§ PROVIDED RECORDS

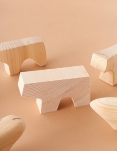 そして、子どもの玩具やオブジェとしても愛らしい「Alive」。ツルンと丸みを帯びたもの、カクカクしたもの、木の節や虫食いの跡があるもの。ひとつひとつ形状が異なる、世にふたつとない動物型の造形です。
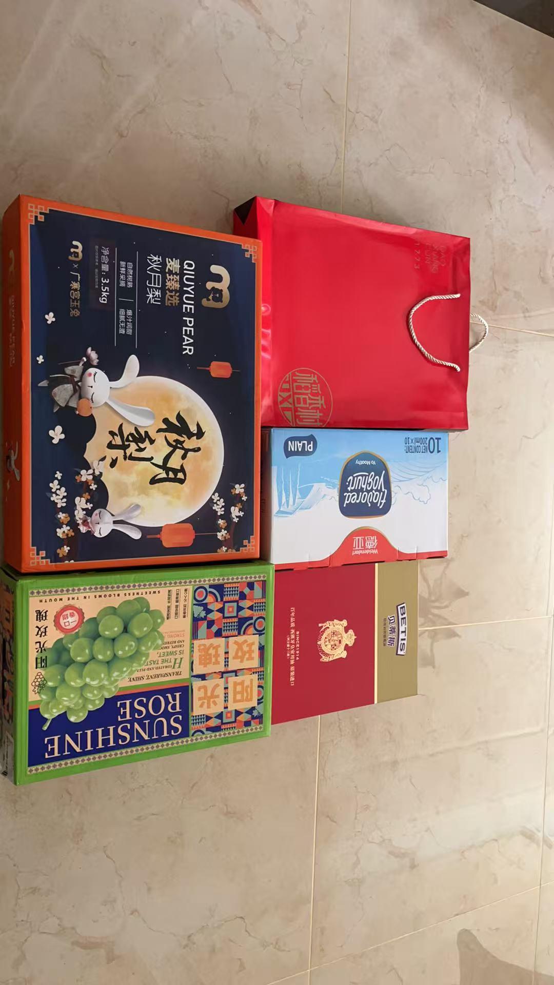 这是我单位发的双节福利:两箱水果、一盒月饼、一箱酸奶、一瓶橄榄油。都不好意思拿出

---

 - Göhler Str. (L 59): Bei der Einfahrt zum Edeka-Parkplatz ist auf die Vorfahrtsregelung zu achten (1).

==

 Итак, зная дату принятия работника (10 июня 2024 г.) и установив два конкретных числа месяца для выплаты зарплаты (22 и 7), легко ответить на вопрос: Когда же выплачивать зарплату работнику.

§ INSTRUCTIONS TO FOLLOW
With the pictures omitted, restate word for word the lines above from the line that has "そして、子どもの玩具やオブジ" up to and including the line that has "这是我单位发的双节福利:两箱", and no other lines.

§ WRITTEN SOLUTION
 そして、子どもの玩具やオブジェとしても愛らしい「Alive」。ツルンと丸みを帯びたもの、カクカクしたもの、木の節や虫食いの跡があるもの。ひとつひとつ形状が異なる、世にふたつとない動物型の造形です。
 这是我单位发的双节福利:两箱水果、一盒月饼、一箱酸奶、一瓶橄榄油。都不好意思拿出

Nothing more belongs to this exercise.